Task material ::
- - - - -

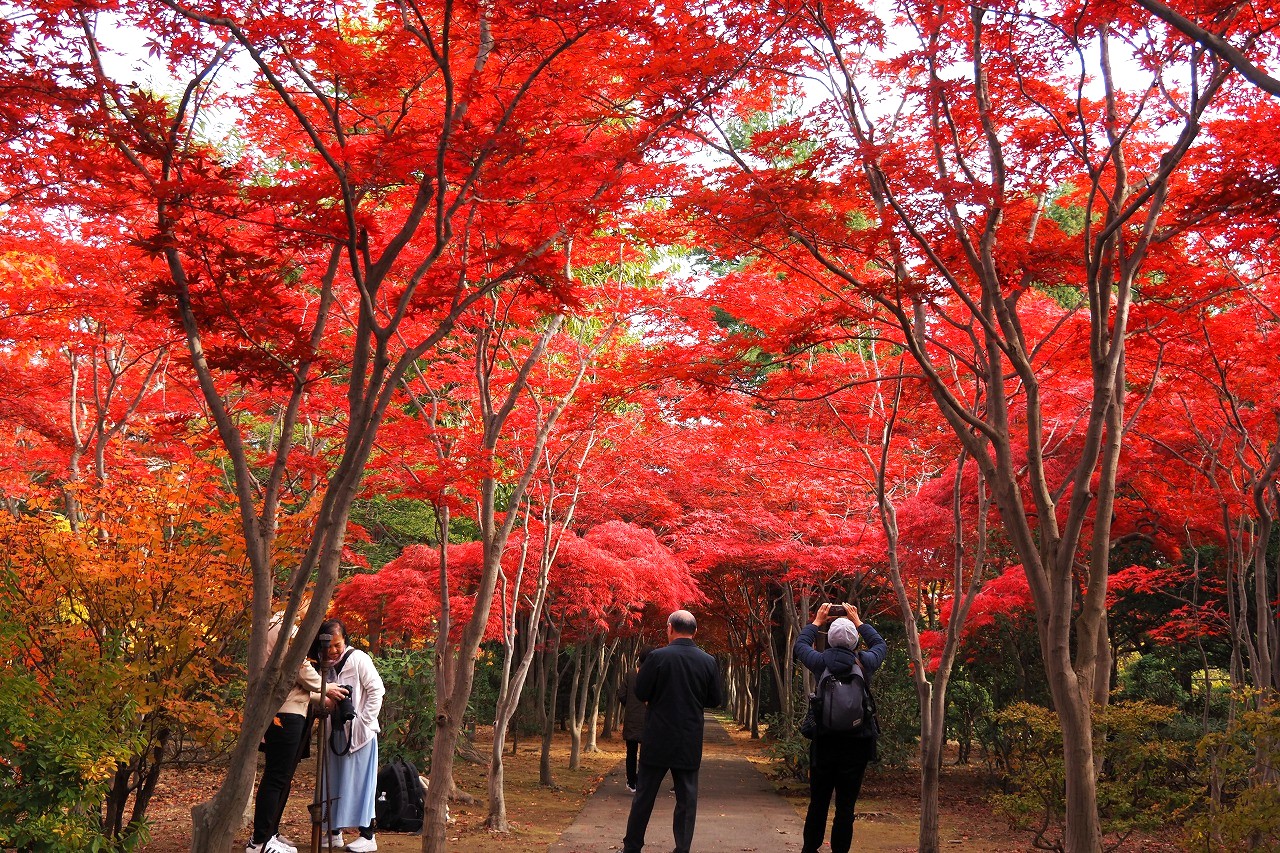 例年、10月下旬から11月初めが紅葉のシーズンで、モミジ並木が鮮やかな赤色になっているのは10月30日現在、まだ並木の真ん中付近だけです。この付近では赤みを増した紅葉が堪能できます。
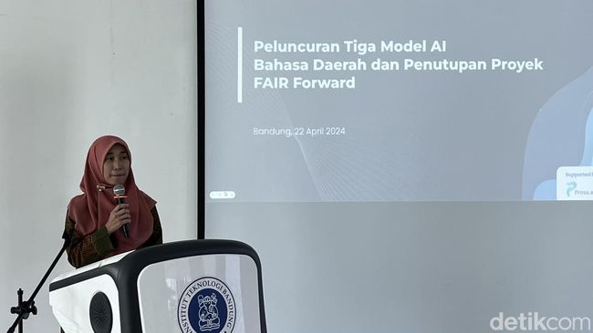 "Ada potensi bahasa daerah yg mulai punah. Tercatat sebanyak 24 bahasa daerah di Indonesia dengan 0 penutur bahasa. Hal ini tentu menjadi ancaman untuk bahasa daerah kita," kata Karlina Octaviany selaku AI (Artificial Intellegence) Advisor Fair Forward, GIZ Indonesia, di Gedung STP ITB, Bandung Senin (22/4/2024).
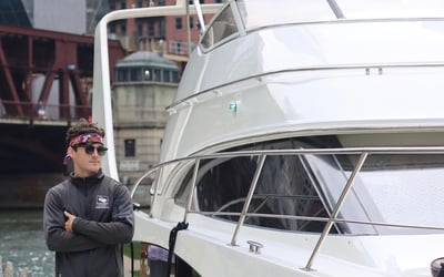 Charter a 47 ft yacht to cruise the Chicago River or Lake Michigan with BYOB and skyline views
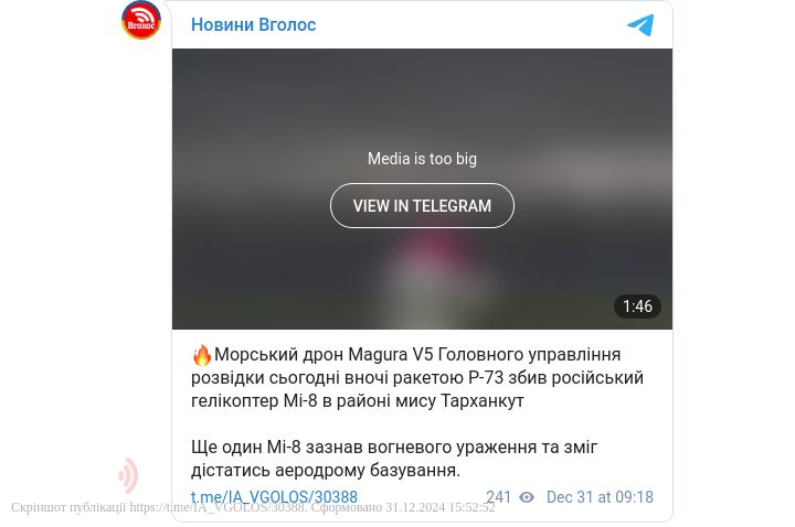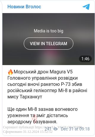 «Сьогодні вперше гелікоптер був збитий, він впав у воду. Тобто факт знищення повітряної цілі над акваторією Чорного моря зафіксований. Другий, до речі, так само був підбитий. Він зміг дотягнути до аеродрому, сісти на вимушену посадку» - розповів Буданов.
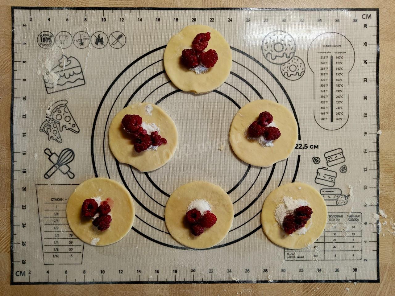 В центр каждого кружочка положите немного сахара с крахмалом. На сахарно-крахмальную посыпку выложите столько малины, чтобы было удобно скрепить края вареников. У меня поместилось по 3-4 ягоды.
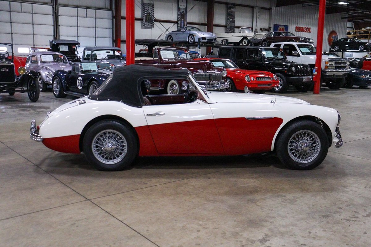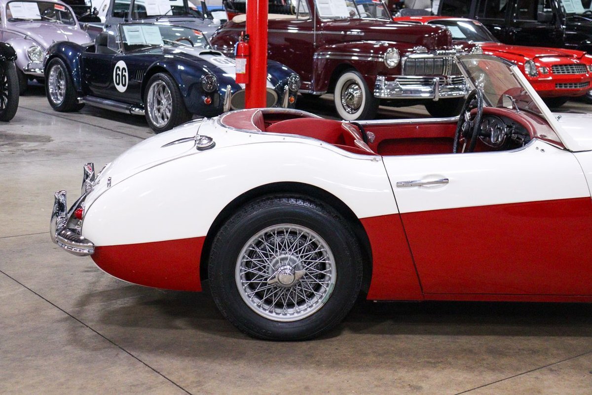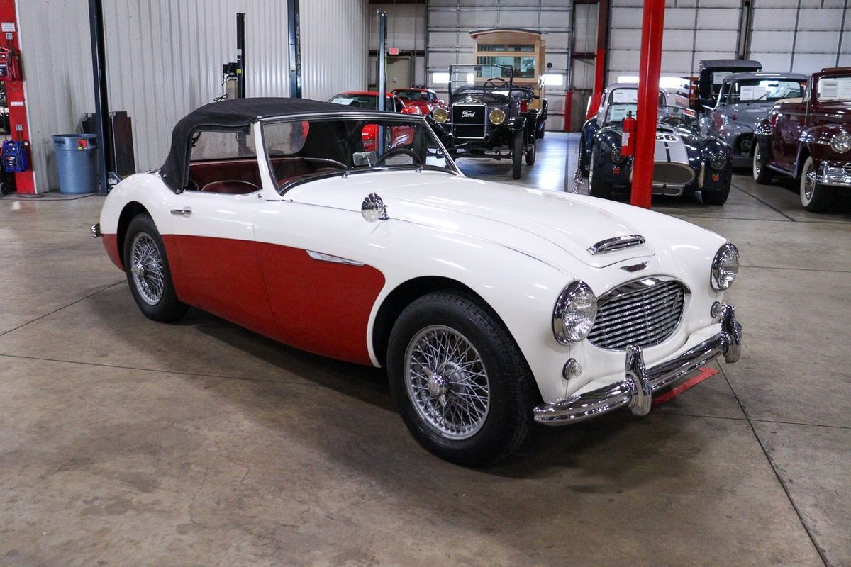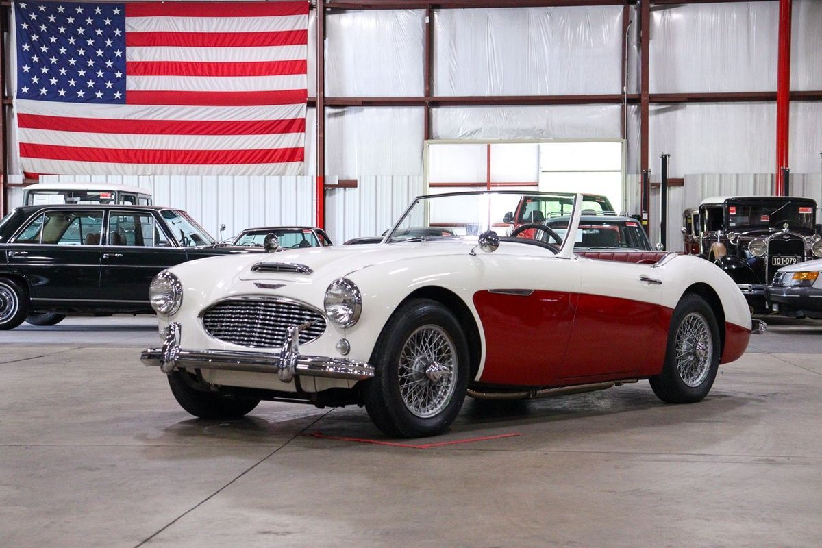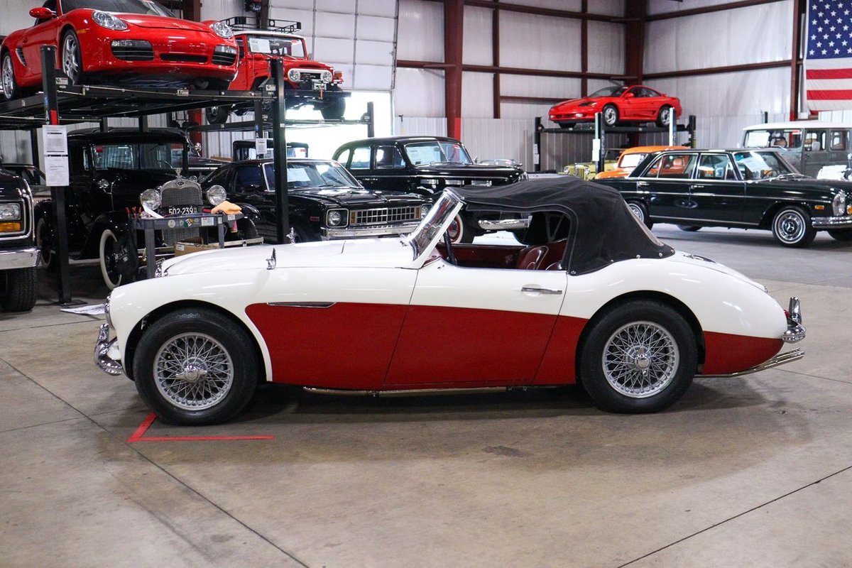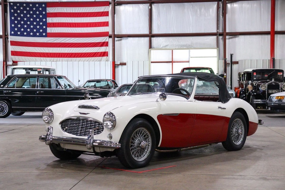 GR Auto Gallery is pleased to offer an iconic British Roadster. This 1961 Austin Healey 3000 Roaster is powered by its 3.0 liter overhead cam inline six cylinder engine fed by dual SU carbs, 4 speed manual transmission with overdrive and rear wheel drive. It is presented in Old English White with Tartan Red coves, over a red interior with white piping and black canvas top. Highlights include: Knock off wire wheels, original "banjo" style steering wheel, original gauges, bent shifter, heater, full tonneau cover, newer stainless steel exhaust, newer fuel tank, etc.
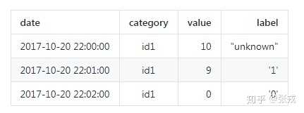 就一般情况而言,时间序列的离线存储格式为时间戳和值这种格式,更多的话可以提供时间序列的 ID,标签等内容。因此,离线存储的时间序列通常都是以下的形式。其中 date 指的是具体的时间戳,category 指的是某条特定的时间序列 id,value 指的是在 date 下这个 category 时间序列的取值,label 指的是人工标记的标签('0' 表示异常,'1‘ 表示正常,'unknown' 表示没有标记或者人工判断不清)。
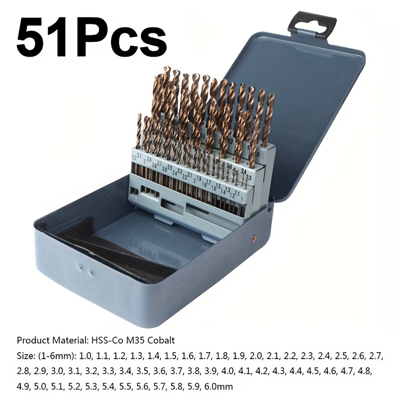 TEMU 51pcs Cobalt Drill Bit Set, M35 Steel Twist D...
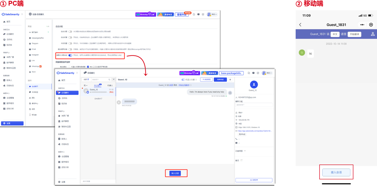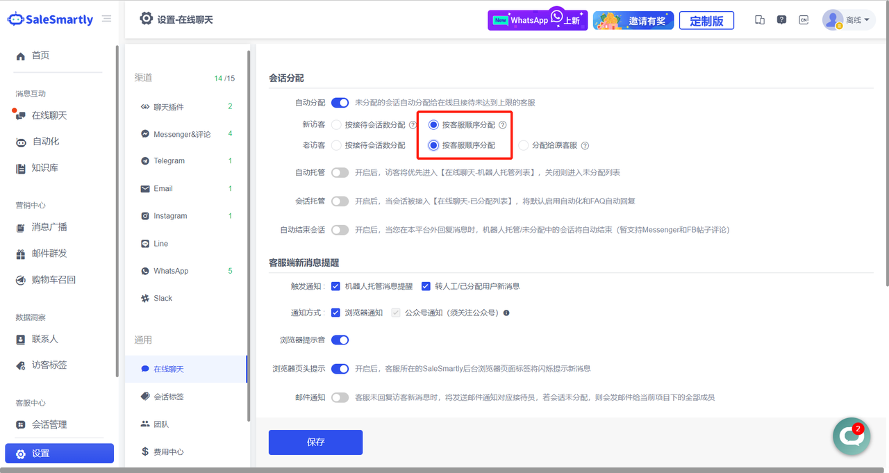 Kịch bản sử dụng: Với chức năng này, các thương nhân có thể phân bổ phiên làm việc cho các thành viên dịch vụ khách hàng theo thứ tự. Nhân viên dịch vụ khách hàng đang ngoại tuyến hoặc đã vượt quá giới hạn tiếp nhận sẽ không được phân bổ tự động, giúp các thương nhân sắp xếp hợp lý nhiệm vụ và khối lượng công việc của dịch vụ khách hàng.
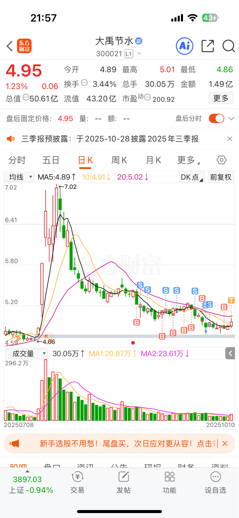 $大禹节水(SZ300021)$ 周一来个大涨,把我洗出去吧,求求你了!
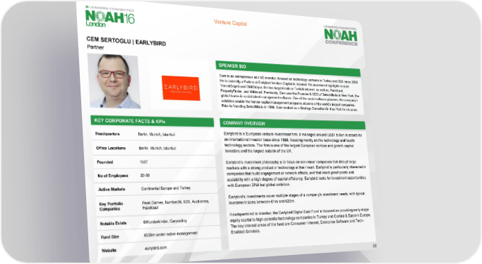 Venture Capital CEM SERTOGLU | EARLYBIRD Partner SPEAKER BIO Cemis an entrepreneur and VC investor, focused on technology ventures in Turkey and CEE since 2006. He is currently a Partner at Earlybird Venture Capital in Istanbul. His investment highlights include YemekSepeti and GittiGidiyor, the two largest exits in Turkish internet, as well as, Hazelcast, PropertyFinder, and Wikimart.Previously, Cem was the Founder & CEO of SelectMinds in New York, the global leader in social talent management software. One of the social software pioneers, the company’s solutions enable the human capital management programs at some of the world’s largest companies. Prior to founding SelectMinds in 1999, Cem worked as a Strategy Consultant in New York for six years. KEY CORPORATE FACTS & KPIs COMPANY OVERVIEW Headquarters Berlin, Munich, Istanbul Earlybird is a European venture investment firm. It manages around US$1 billion in assets for an international investor base since 1998, focusing mainly on the technology and health Office Locations Berlin, Munich, Istanbul technology sectors. The firm is one of the largest European venture and growth capital investors and the largest outside of the UK. Founded 1997 Earlybird’s investment philosophy is to focus on non-linear companies that disrupt large markets with a strong product or technology at their heart. Earlybird is particularly interested in No of Employees 20-50 companies that build engagement or network effects, and that reach proof points and scalability with a high degree of capital efficiency. Earlybird looks for investment opportunities Active Markets Continental Europe and Turkey with European DNA but global ambition. Key Portfolio Peak Games, Number26, B2X, Auctionata, Earlybird's investments cover multiple stages of a company's investment needs, with typical Companies Hazelcast investment sizes between €1m and €20m. Notable Exists 6Wunderkinder, Carpooling Headquartered in Istanbul, the Earlybird Digital East Fund is focused on providing early stage equity capital to high-potential technology companies in Turkey and Central & Eastern Europe. The key interest areas of the fund are Consumer Internet, Enterprise Software and Tech- FundSize €600m under active management Enabled Services. Website earlybird.com 50
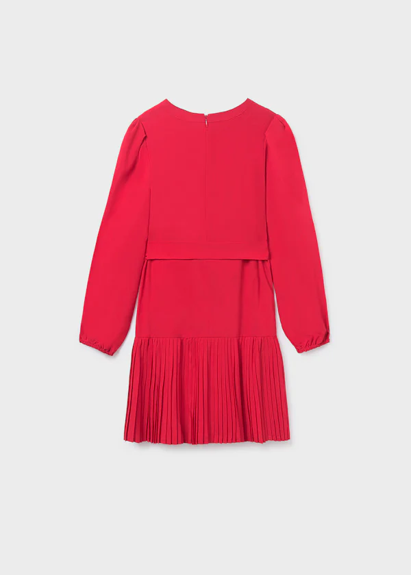 Vestido de manga larga para chica con puños elásticos. Cierre central trasero con cremallera oculta. Confección con tejido de crepé fluido y de caída suave. Suave forro interior de poliéster. Modelo con diseño plisado.

- - - - -

What is being asked :: Without the pictures, set down the lines above from the line with "- розповів Буданов." up to and including the line with "В центр каждого" exactly as they stand.

Exercise output ::
 «Сьогодні вперше гелікоптер був збитий, він впав у воду. Тобто факт знищення повітряної цілі над акваторією Чорного моря зафіксований. Другий, до речі, так само був підбитий. Він зміг дотягнути до аеродрому, сісти на вимушену посадку» - розповів Буданов.
 В центр каждого кружочка положите немного сахара с крахмалом. На сахарно-крахмальную посыпку выложите столько малины, чтобы было удобно скрепить края вареников. У меня поместилось по 3-4 ягоды.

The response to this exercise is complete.